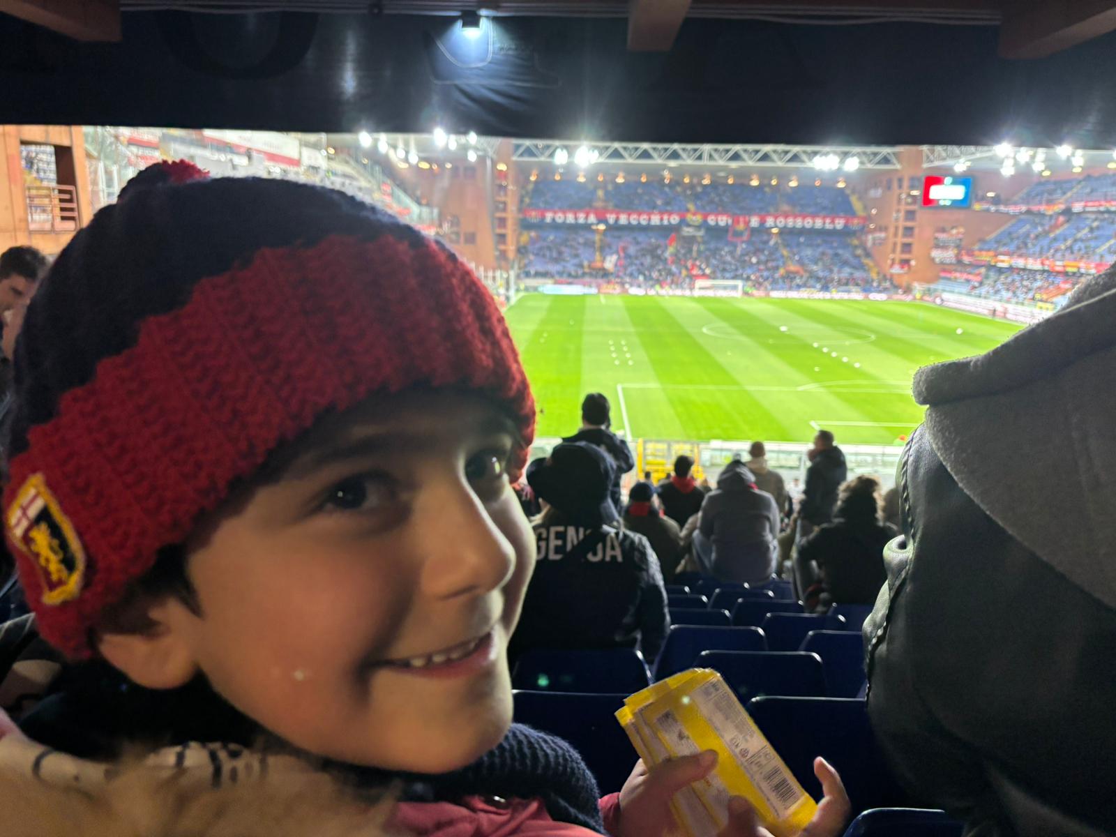 Una volta a Genova, dopo una cena da Romoli assieme ad altri iscritti del Genoa Club “Grifoni del Conero” (club che raduna lontano dalla Liguria un sodalizio assai nutrito di supporter del Grifone che arrivano non solo da Ancona, ma anche da Sinigaglia, Macerata, Osimo e molte altre località delle Marche), ecco la prima volta di Tobia al Ferraris. La prima volta, per Tobia, di varcare le porte dello stadio rossoblù. Un messaggio bellissimo in un momento in cui il calcio, in Italia, è spesso in mano al marketing forsennato, agli addii alla tradizione più pura di un club e alla mancanza di valori veri, forti, da tradurre in campo, in linea con le aspettative del tifo.
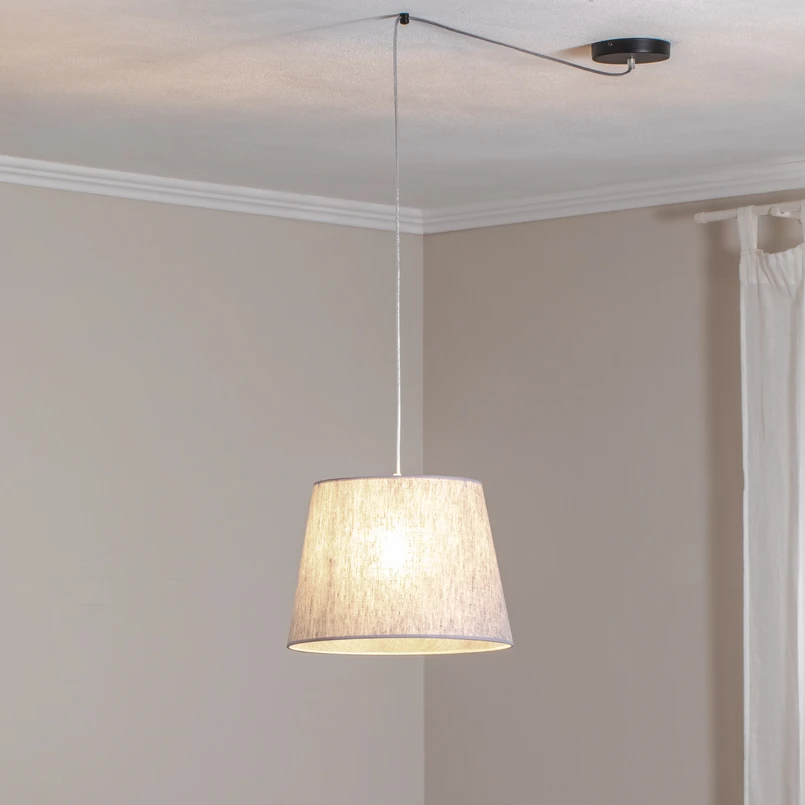 Einflammige Pendelleuchte Ascot mit grauem Textilschirm - Abhängung dezentral
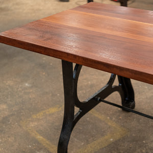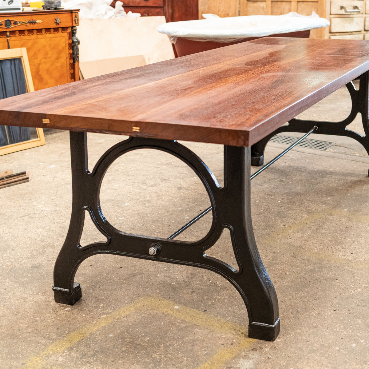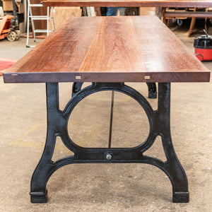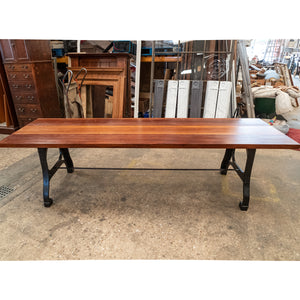 This large refectory table has been crafted from substantal reclaimed teak planks and rests upon robust industrial cast iron legs.
#####
TRY IT – Repeat the listing exactly, minus its pictures.

EXERCISE SOLUTION –
 Una volta a Genova, dopo una cena da Romoli assieme ad altri iscritti del Genoa Club “Grifoni del Conero” (club che raduna lontano dalla Liguria un sodalizio assai nutrito di supporter del Grifone che arrivano non solo da Ancona, ma anche da Sinigaglia, Macerata, Osimo e molte altre località delle Marche), ecco la prima volta di Tobia al Ferraris. La prima volta, per Tobia, di varcare le porte dello stadio rossoblù. Un messaggio bellissimo in un momento in cui il calcio, in Italia, è spesso in mano al marketing forsennato, agli addii alla tradizione più pura di un club e alla mancanza di valori veri, forti, da tradurre in campo, in linea con le aspettative del tifo.
 Einflammige Pendelleuchte Ascot mit grauem Textilschirm - Abhängung dezentral
 This large refectory table has been crafted from substantal reclaimed teak planks and rests upon robust industrial cast iron legs.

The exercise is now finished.